In 2003, under the leadership of Tim, the technology formed the basis of the first IATA RFID standard and also the new standard ISO/IEC 18000-3 Mode 2. This standard continues as the global standard at 13.56MHz today. Soon after, Tim changed his company’s focus to business development on healthcare applications. In 2005, Magellan sold the first 10 tunnel readers into the medical implant market.

In 2010, the company decided to market complete turnkey solutions for PJM customers to provide not only technology and products but also solutions to the medical market. This led, in turn, to the development of numerous software applications appropriate to the unique characteristics of PJM RFID. This software is now a key part of the medical applications of PJM RFID. Strong growth was achieved in the medical implant market based on the rapid take up and expansion of PJM RFID in Australia and New Zealand to both implant suppliers and hospitals. In 2012, PJM technology developed a dominant leadership position in medical implant tracking in Australia and New Zealand with around 80% of implant loan kits being tracked with PJM RFID.

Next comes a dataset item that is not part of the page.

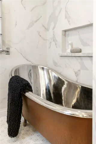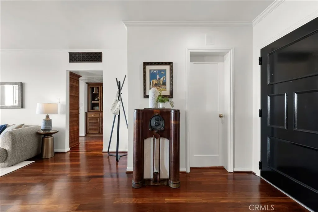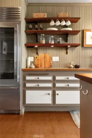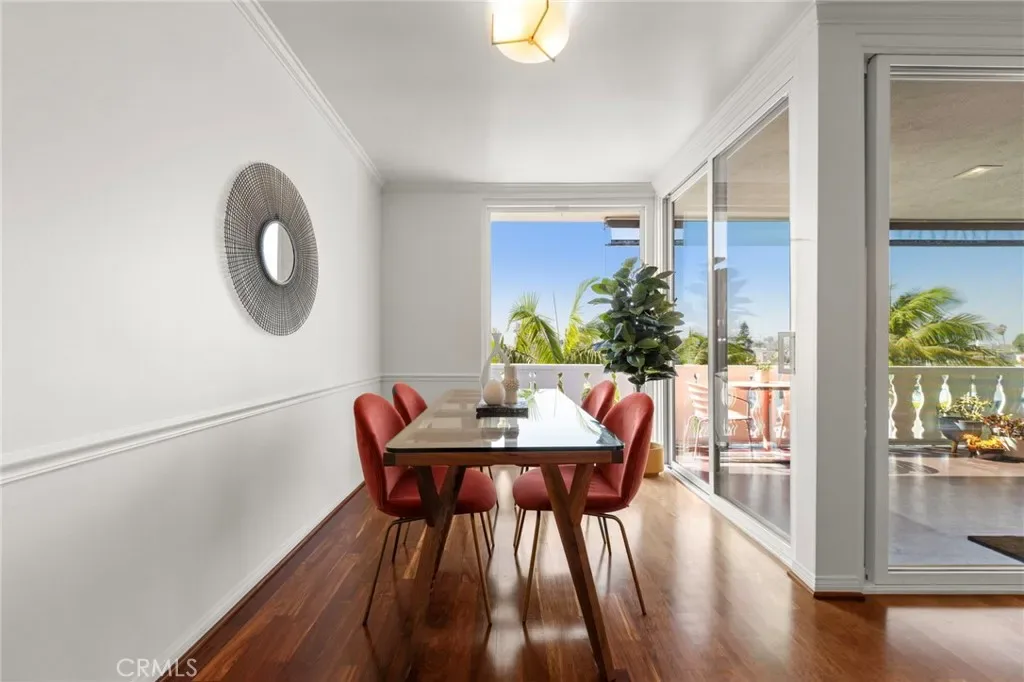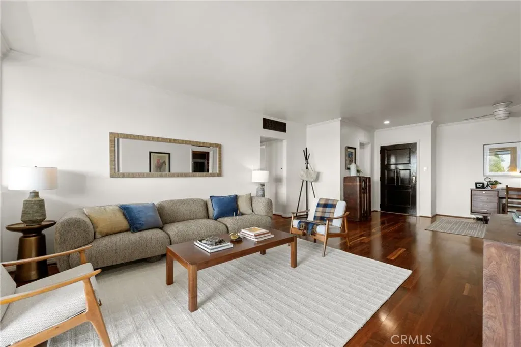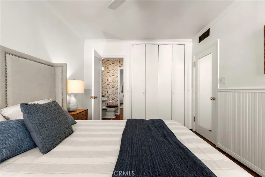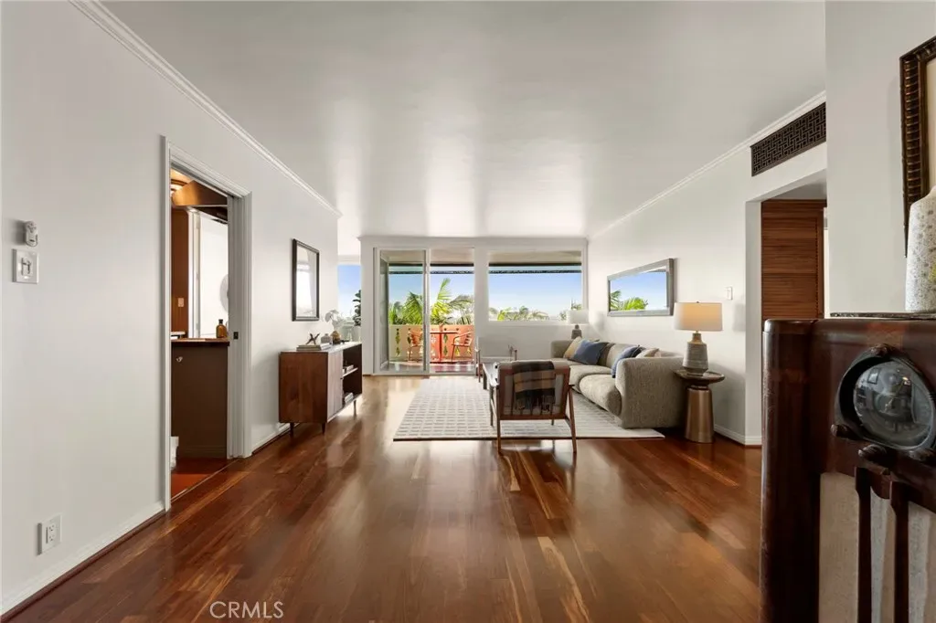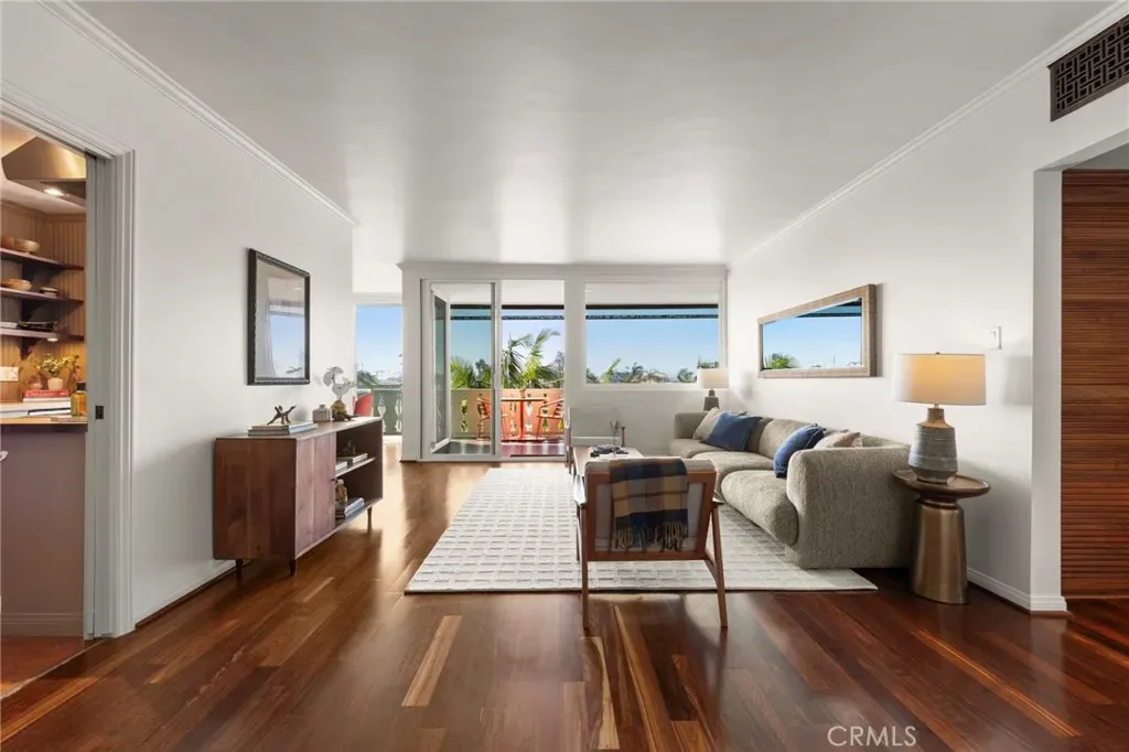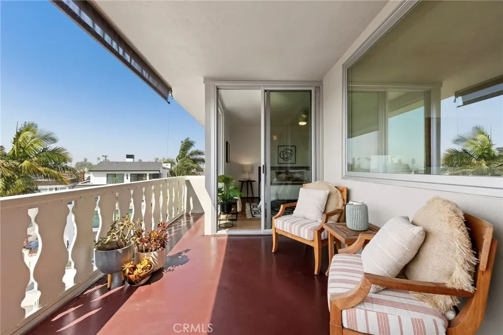 Top-floor corner unit on Naples Island with a private balcony and treetop views, offering a rare blend of privacy, natural light, and coastal living. Nestled in one of Long Beach’s most sought-after waterfront communities, this thoughtfully curated residence has been meticulously updated with quality finishes and attention to detail throughout. The custom kitchen (2018) features teak countertops, mahogany shelving, painted wainscoting, and premium appliances including Sub-Zero refrigeration and a Wolf cooktop with hood. A rare 1930s vintage tile backsplash adds character, while a Philippe Starck pendant provides a modern focal point. Rosewood flooring (2017) runs throughout the home, complemented by Milgard double-pane windows (2020) for enhanced comfort and sound insulation. Custom millwork, including a French walnut glass-front bookcase and added linen storage, brings both functionality and design. Both bathrooms were remodeled in 2019. The guest bath features hand-shaped tile, Kohler fixtures, a Toto eco-friendly toilet, and designer wallpaper. The primary suite offers a spa-like setting with porcelain marble finishes, a custom mahogany vanity, Perrin & Rowe fixtures, and a copper/zinc soaking tub, along with a heated towel bar. The expansive private balcony, accessible from both the living room and primary bedroom, creates a seamless indoor-outdoor flow and is ideal for enjoying the peaceful treetop surroundings. Additional features include central heating and AC, in-unit laundry, and a newer water heater (2019). The building is well-maintained and includes one designated parking space (#23) with overhead storage. HOA dues are $750/month. Located within the Naples canals, the property offers convenient access to nearby coffee shops, restaurants, and waterfront paths. A dedicated storage area provides space for bikes, paddleboards, and beach gear. A rare opportunity to own an updated home in one of Long Beach’s most desirable coastal neighborhoods.

Two directors from SATO met Magellan’s PJM Technology for the first time in 2010 at a trade show. Following which, SATO became the distributor of Magellan Technology for the Japanese Healthcare Market. In Tim’s eyes, SATO was the first major company to truly understand his vision for the technology and truly see that the better management and control of blood, blood products and medical implants would lead to an improvement in overall human wealth.

In 2013, Tim decided to retire and hand over the PJM Technology to SATO believing that the marriage of the PJM technological and intellectual base with the worldwide reach of SATO is ideal and it would quickly achieve his dream of contributing to human wealth on a global scale using the technology he has developed as his life’s work.